Der Laternenmann, Stadtlichh Magazin 2016/2017
Text: Friedrich Weiß, Foto: Roeler
Cornelius Bless schaut sich erstaunt um: „Dienstagabend ist ja eigentlich der ruhigste Abend der Woche, aber heute ist ganz schön was los hier.“ Es ist 21 Uhr, die Luft im „Queer- beet“ in Ottensen ist rauchverhangen und die Gäste sind in Gesprähe vertieft oder schauen auf das Bierglas vor sich. Bless grüßt den Wirt, verstaut seinen Rucksack in einem Lagerraum hinter der Bar und setzt sich an den Tresen. Auf den Hocker neben sich stellt er sein Markenzeichen: eine große, altmodische Laterne, die mit Porträit-Fotos berühmter Dichter und Denker beklebt ist.
Auf dem Tresen liegt ein schmales rotes Kärtchen, ein Blumenmuster darauf rahmt den Spruch: „Günstige Winde kann nur nutzen, wer weiß, wohin er will – Oscar Wilde“. „Die muss jemand gestern liegen gelassen haben“, meint Bless nach einem kurzen Blick darauf. Er zieht ein Sortiment ähnlicher Karten aus einer Tasche und breitet sie vor sich aus. Sie sind bunt und verschieden gestaltet und auf jeder steht ein Aphorismus und dessen Urheber.

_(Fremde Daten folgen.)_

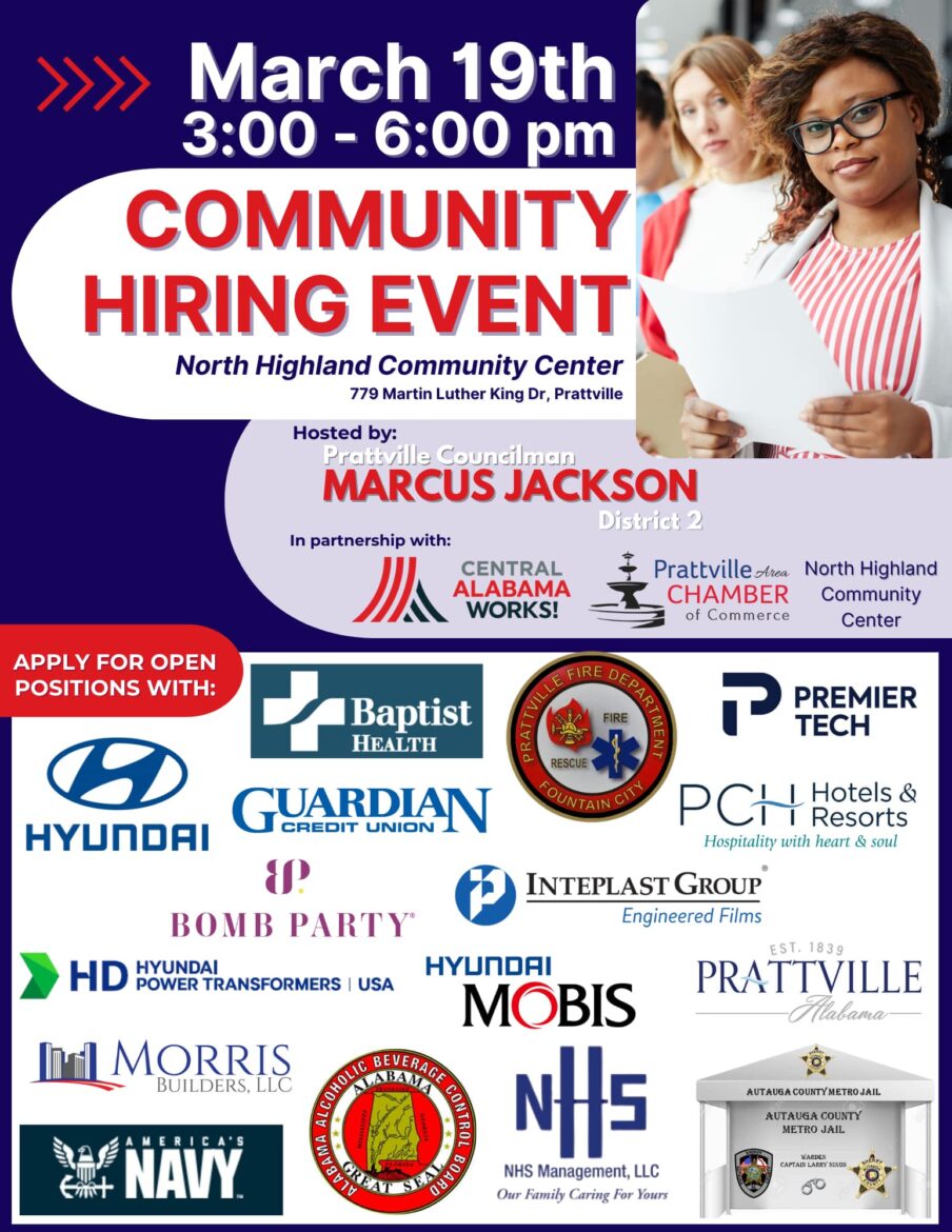 Looking for your next career opportunity? Join us for this Community Hiring Event hosted by Prattville City Councilor Marcus Jackson, in partnership with Central Alabama Works!, the Prattville Area Chamber of Commerce, and the North Highland Community Center.
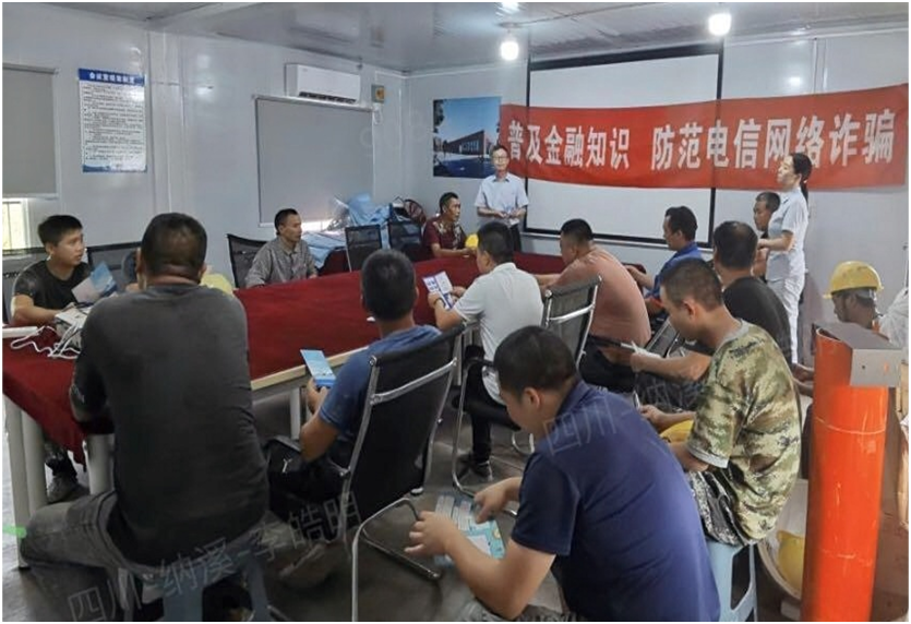 邮储银行泸州市纳溪区支行在添源建筑安装工程有限公司开展防范电信网络诈骗宣传活动现场
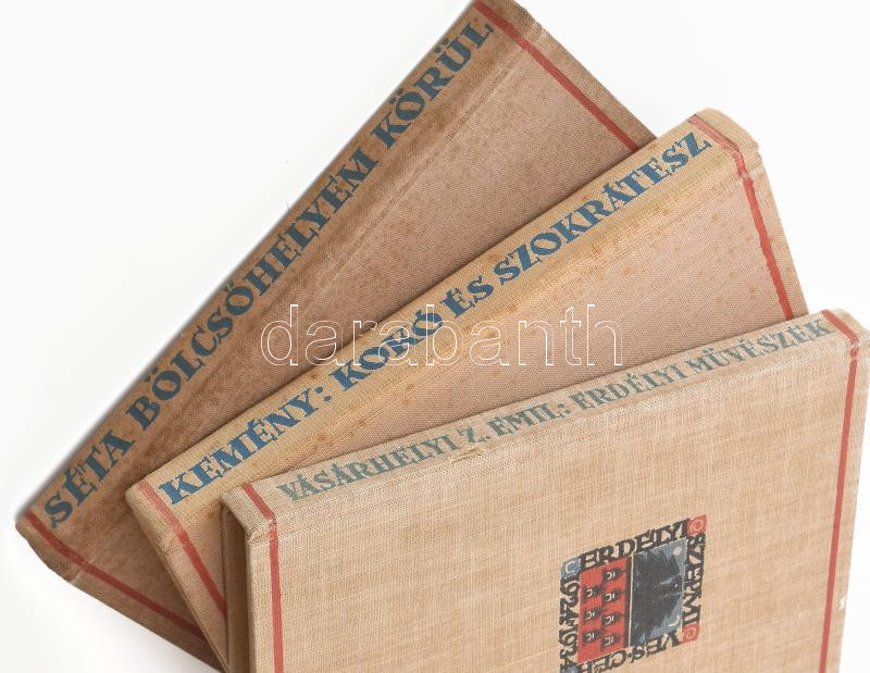 Az Erdélyi Szépmíves Céh jubileumi díszkiadása, 3 kötet: Vásárhelyi Z. Emil: Erdélyi művészek.; Séta bölcsőhelyem körül. Szerk.: Kovács László.; Kemény János: Kokó és Szokrátesz. Kolozsvár, [1934-1940], Erdélyi Szépmíves Céh. Kiadói egészvászon-kötés, változó állapotban, részben foltos borítókkal.

Bless handelt mit Geistesblitzen – so nennt er seine selbst gestalteten Kärtchen. Während er sie farblich zueinander passend auf seiner Laterne in eine Art Stoffnest drapiert, kommt ein Gast auf ihn zu, der zwei Sprüche für seine Tochter und sich ziehen will. Es folgt ein kurzes Gespräch, ehe der Gast gegen einen frei wählbaren Preis zwei Zettel zieht. In den Kneipen St.Paulis, Eimsbüttels und Ottensens ist Bless bekannt, denn er ist hier an fünf Abenden pro Woche mit seiner Laterne unterwegs – und das seit mittlerweile elf Jahren. „Damals hab ich das erste Mal solche Karten verteilt, das war auf einer privaten Party“, erinnert er sich. „Das war ein Versuch, ich wollte, dass die Leute auch mal auf andere Themen kommen.“ Er beobachtet, dass Menschen, die sonst nicht miteinander ins Gespräch kommen, sich plötzlich angeregt unterhalten und zieht kurz darauf auf der Altonale mit einem Korb voller Karten los. Wieder erstaunt ihn, wie aufgeschlossen Fremde auf seine Karten reagieren. Er sieht kurz darauf die Laterne in einem Laden, schmückt sie mit den Fotos und ist von da an als der Mann mit der Laterne unterwegs.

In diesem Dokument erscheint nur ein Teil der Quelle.